Thanks! I know it's a bit blurred from camera shake, but that was like a 10-15 second shutter with no tripod. Steady hands


----------



## KuntaKinter (Jun 29, 2012)

I would say if you want to shoot waterfalls for the silky effect during the day. You should look into get ND filters. I've just started doing research on them because I like to shoot water. It's almost a necessity to have if you want to shoot for the silky effect during the day. 
The other problem I see with getting a real nice shot of the first one with the silky effect is that the water itself is lit. But if you are using multiple brackets that might help. My camera doesn't bracket (D40x) so I haven't really gotten into using multiple brackets yet. I'd love to see some finished results.


----------



## thereyougo! (Jun 29, 2012)

AaronLLockhart said:


> The_Pearl_Poet said:
> 
> 
> > Although I don't have much experience with HDR, I agree with Bynx's statement.

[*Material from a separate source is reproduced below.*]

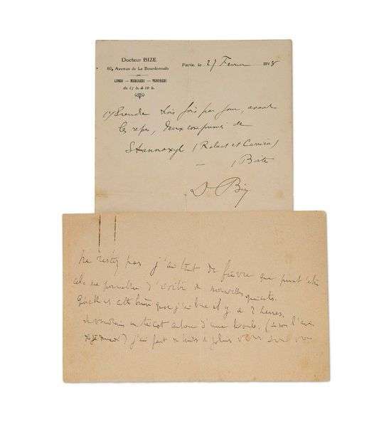 L'on joint une ordonnance du docteur Bize (Paris, 27 février 1918, 1 page in-8 à l'encre sur papier). Marcel Proust faisait souvent venir le docteur Bize, et, sous le prétexte d'avoir besoin de soins, l'interrogeait longuement afin d'enrichir son oeuvre de sources médicales.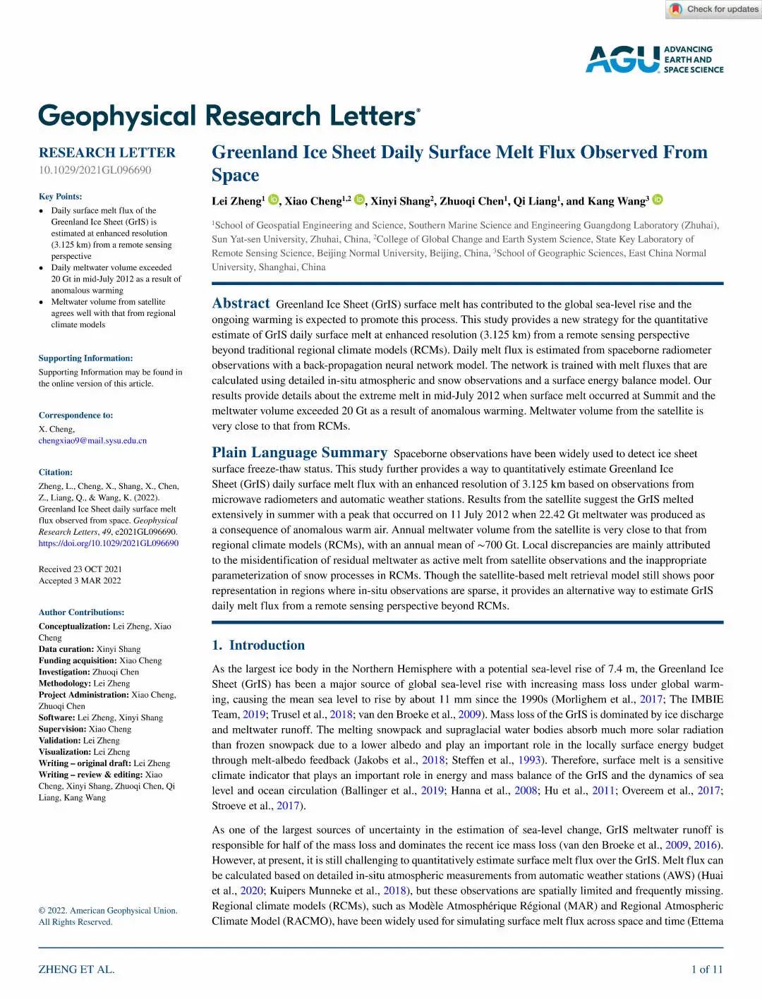 科研动态:郑雷博士在GRL发文首次实现格陵兰冰盖融化量遥感估算

It looks like you have some blown highlights in both pictures.
> ...



I haven't done much HDR for a while, but when I do I do +3 and -3 and all the steps between.  That way you at least have all steps covered.  Using your Hdr software you can decide how many shots you actually use, whereas if you haven't shot 7, you won't have 7 choose from.  If I am doing only 3 shots, I'll generally do + and -2


----------



## jake337 (Jun 29, 2012)

AaronLLockhart said:


> The_Pearl_Poet said:
> 
> 
> > Although I don't have much experience with HDR, I agree with Bynx's statement. It looks like you have some blown highlights in both pictures.
> ...



If you are using a tripod you do not necessarily need to just do a -3, 0, +3.  If you have time, take your time and meter different areas of the scene and jot down the exposure needed for those areas.  Set up your cam/tripod and shot those metered exposures.  Then each area of the scene will be exposed to your liking.

You could also do the bracketed photos, like above, then do a separate exposure for the water falls and create a composite.


----------